Instructions for the task → Nothing beyond the line containing "Напольный плинтус Перфект" is to be printed; print exactly each line from the start of the records below through that line, leaving out pictures.

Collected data

*** Block opens ***

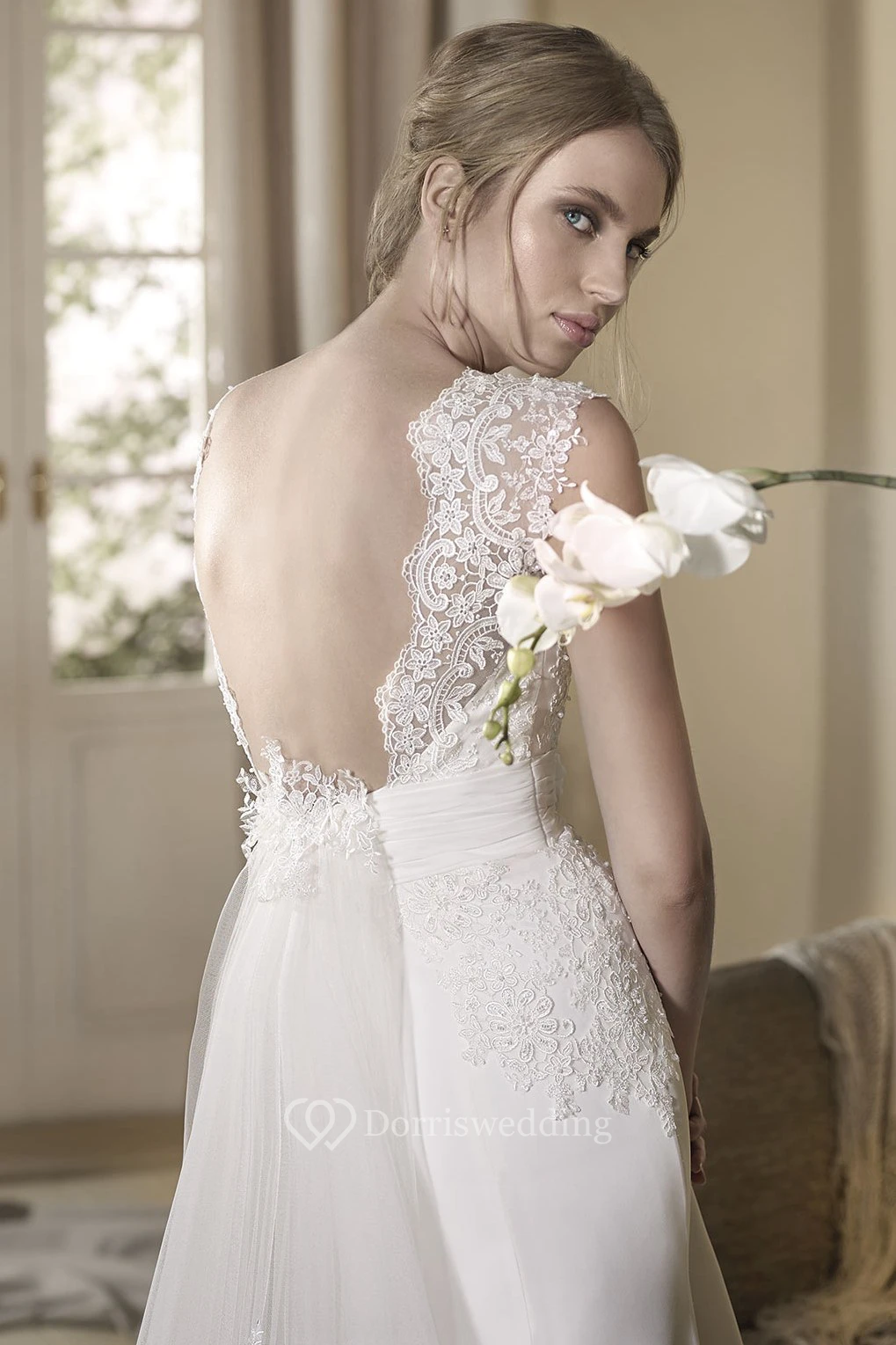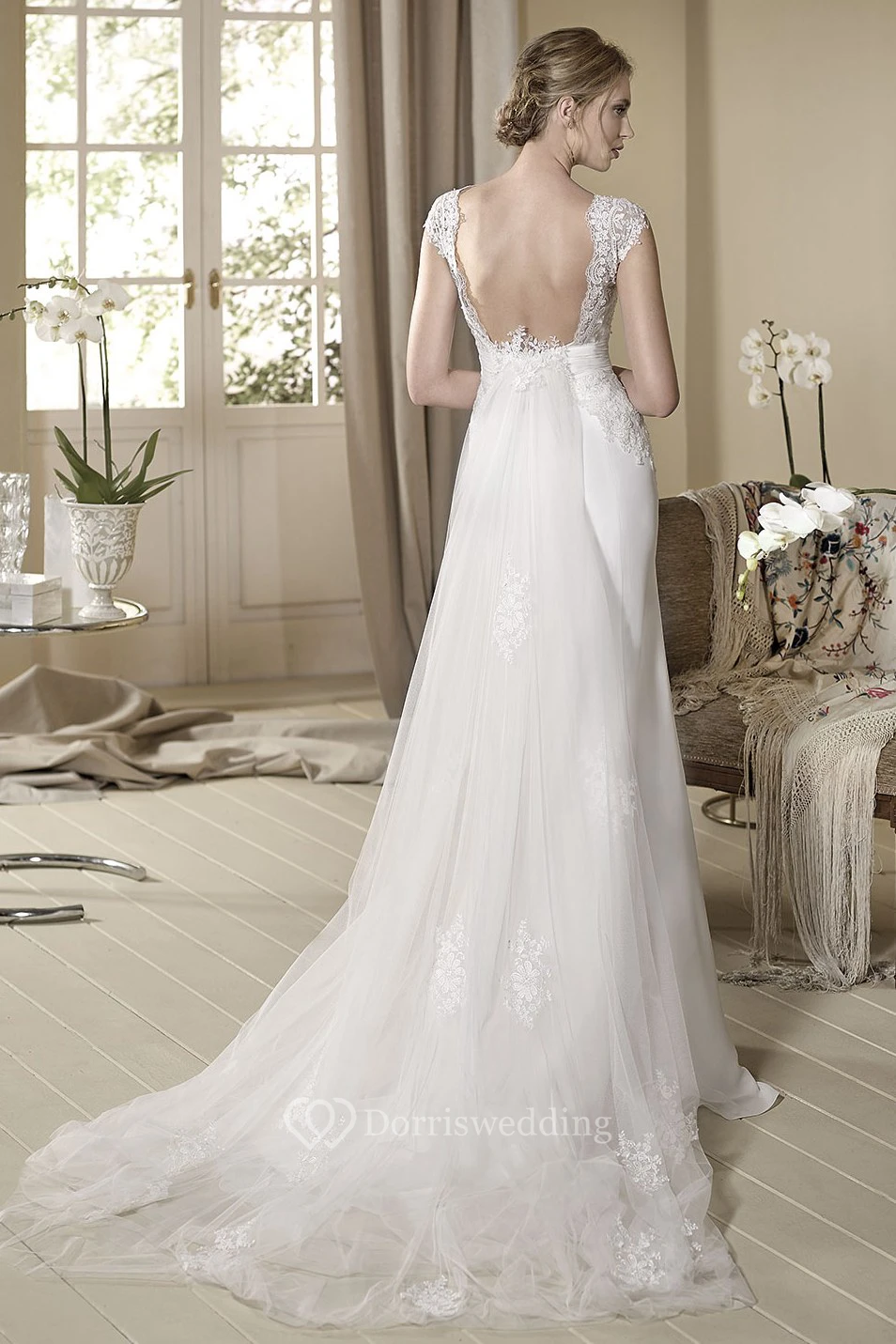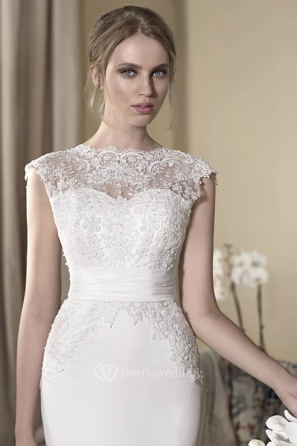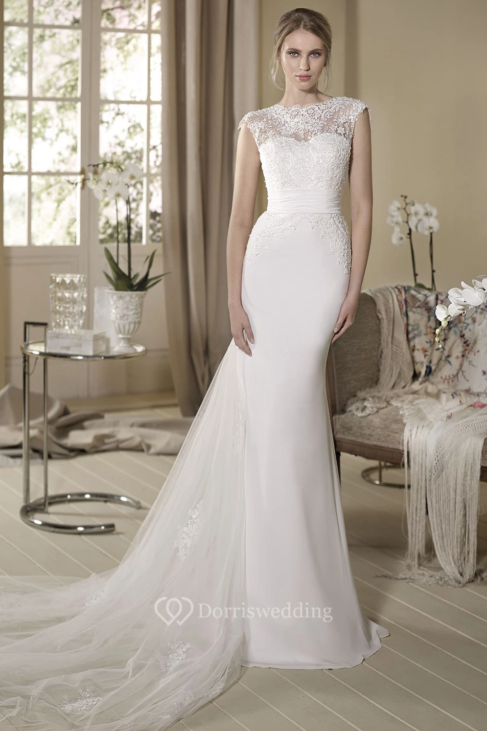 Sheath Jewel-Neck Appliqued Cap-Sleeve Long Tulle Wedding Dress
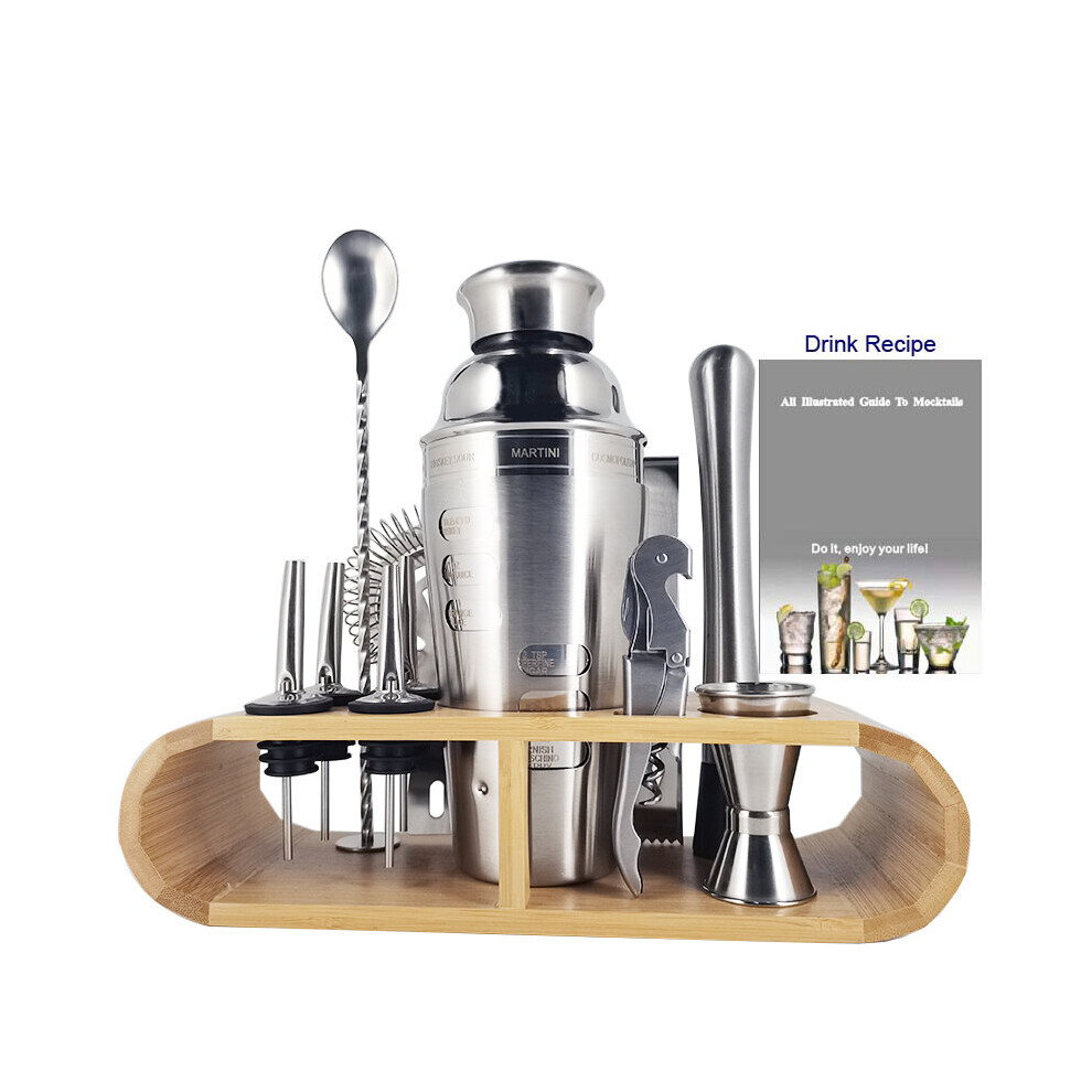 1-12 Pcs Boston Cocktail Shaker Bar Tools Set Barware Bartender Shakers Kit Jigger Mixer Muddler Pourer Spoon with Bamboo Stand
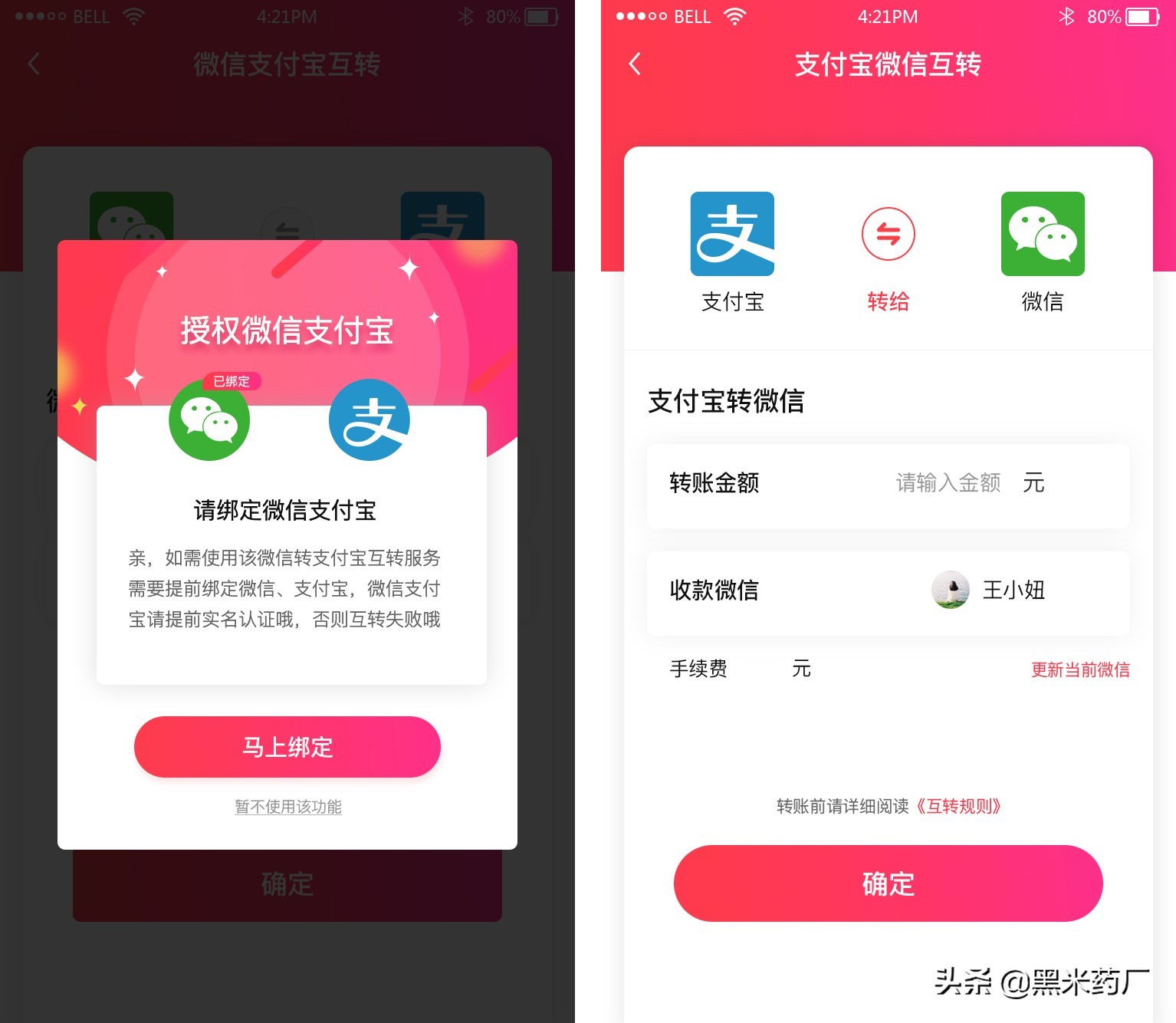 当前微信和支付宝已经逐渐渗透到我们日常经济活动的各个方面。但是微信和支付宝都是各自为政,自成体系,给广大用户带来不便。用户微信和支付宝的余额无法进行直接互转。
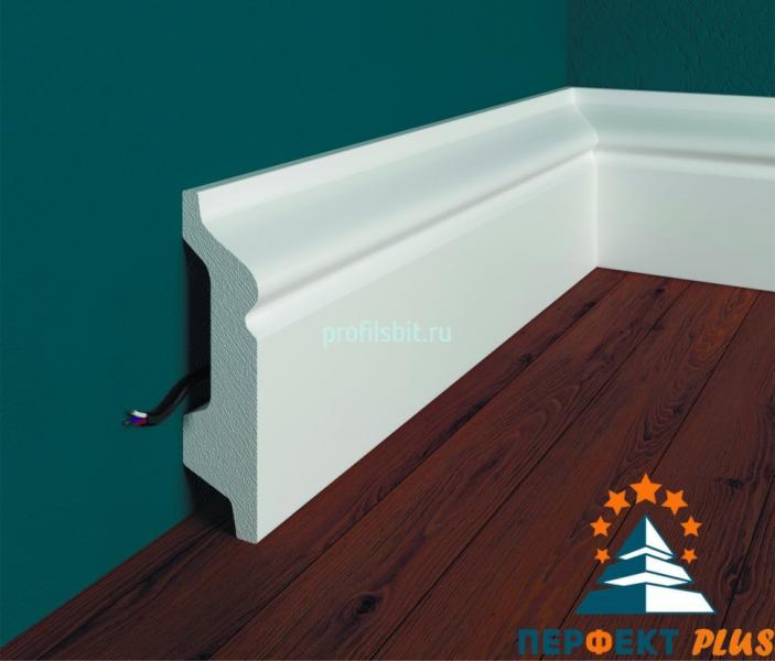 Напольный плинтус Перфект Плюс из белого ударопрочного полимера — это прочный и надежный элемент для отделки стыков между стенами и полом.
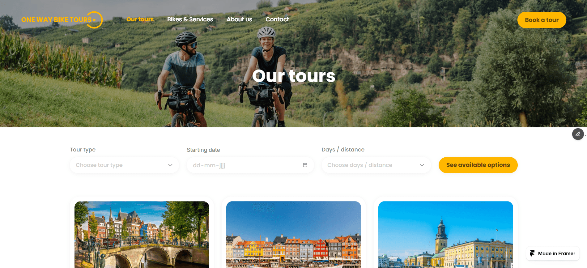 Ik en mijn team kregen de taak om een nieuwe website te maken voor One Way Bike Tours. Door middel van de design sprint methode werkte ik twee weken aan sketches, userflows en een prototype in Figma. Dit prototype heb ik uiteindelijk omgezet tot een echte website in Framer. In mijn rol als Design Lead nam ik de leiding over visual en UX designbeslissingen, terwijl ik het team ondersteunde met feedback en tips over Figma en Framer.
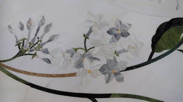 走廊上金碧辉煌的世界首创石材贝壳拼花工艺
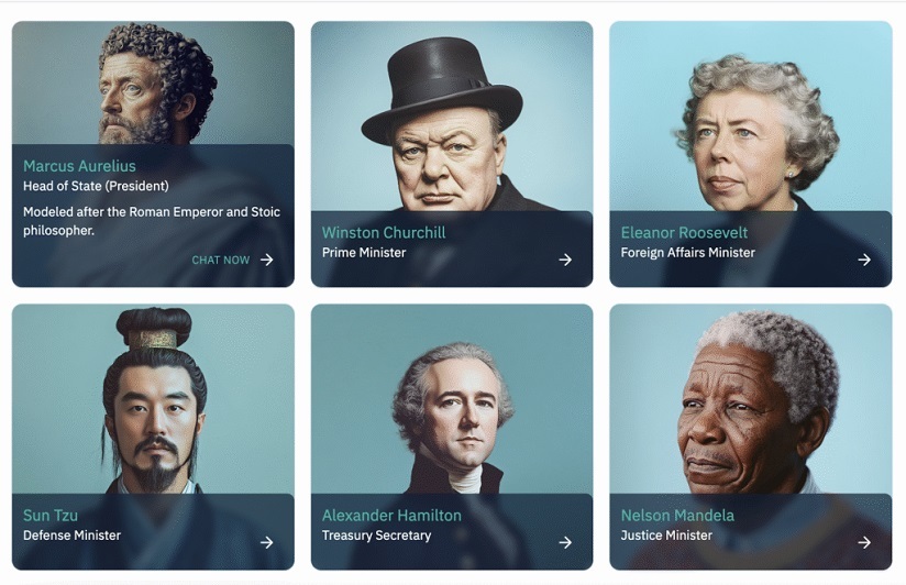 A Ilha Sensay, como foi batizada, tem como presidente o imperador romano Marco Aurélio. Entre os outros líderes digitais estão o primeiro-ministro Winston Churchill, Nelson Mandela no Ministério da Justiça e Sun Tzu no Ministério da Defesa. Os criadores afirmam que cada réplica de IA foi programada para “incorporar o conhecimento, os valores e a ética de tomada de decisão” de seus equivalentes históricos.
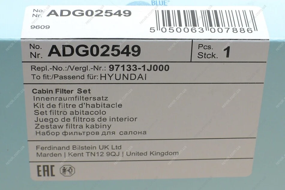 Аналоги "ADG02549 BLUE PRINT":
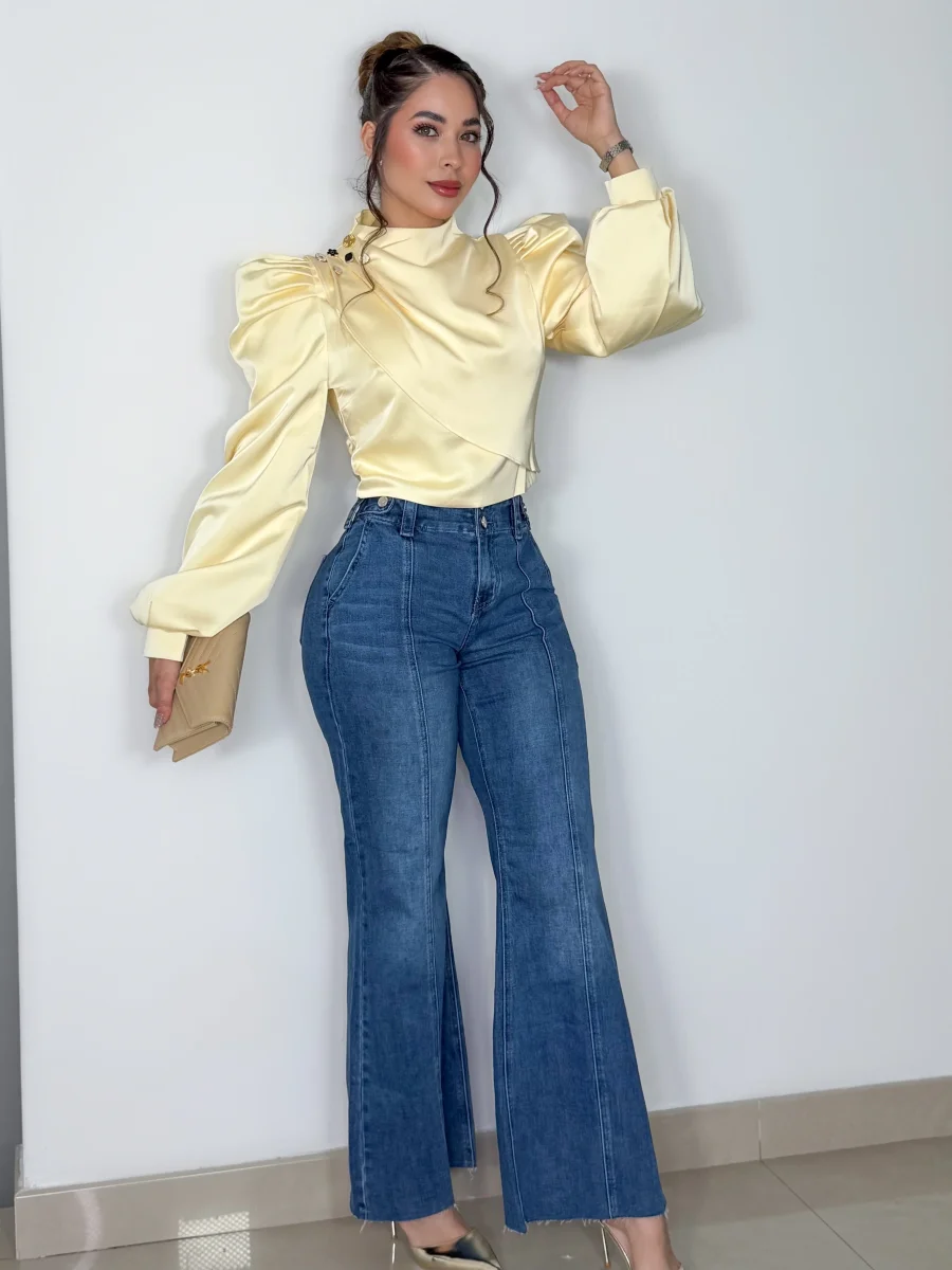 BLUSA GRIS MANGA LARGA CON LENTEJUELAS
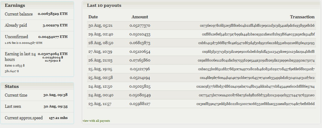 Alexey Shestialtynov писал(а): ![]() Для неверующих выложил список последних транзакции, с другого пула, раньше у меня вылетало по 2 раза в день, сейчас 1 раз, снова перешел на вмзону, так как здесь выгоднее, чем везде, даже с учетом 5% комиссии и вебмани комиссии. |
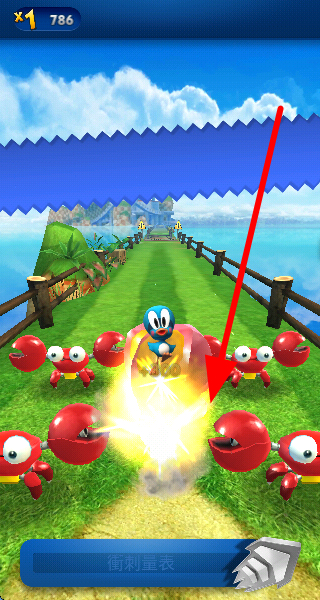 4、碰到敵人阻攔,利用沖刺技能,快速向前沖,撞開(kāi)敵人,繼續(xù)在跑道上馳騁,獲取更高分?jǐn)?shù)。
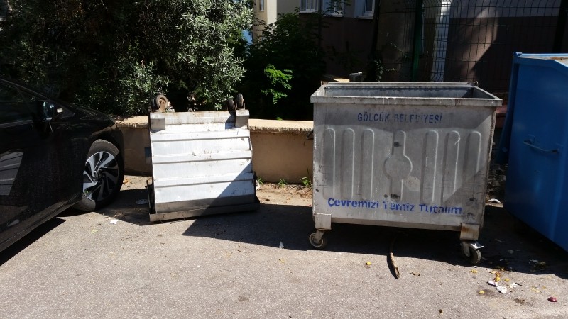 Ters çevrilen çöp konteynırının ne olacağı belli değil
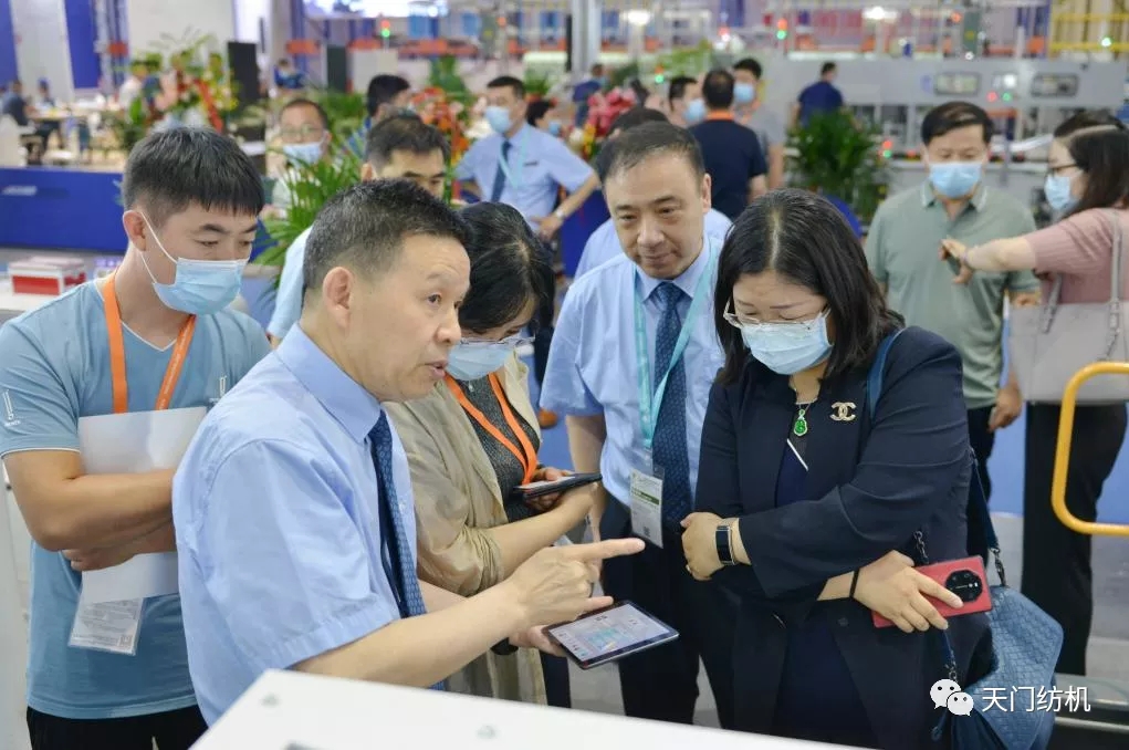 2021年6月12日,在上海國際紡機(jī)展上天門紡機(jī)舉行“開創(chuàng)并條工序全自調(diào)勻整新時代”新品發(fā)布會,中紡聯(lián)黨委書記高勇使用手持終端為新產(chǎn)品開機(jī)

*** Block closes ***

Reply →
 Sheath Jewel-Neck Appliqued Cap-Sleeve Long Tulle Wedding Dress
 1-12 Pcs Boston Cocktail Shaker Bar Tools Set Barware Bartender Shakers Kit Jigger Mixer Muddler Pourer Spoon with Bamboo Stand
 当前微信和支付宝已经逐渐渗透到我们日常经济活动的各个方面。但是微信和支付宝都是各自为政,自成体系,给广大用户带来不便。用户微信和支付宝的余额无法进行直接互转。
 Напольный плинтус Перфект Плюс из белого ударопрочного полимера — это прочный и надежный элемент для отделки стыков между стенами и полом.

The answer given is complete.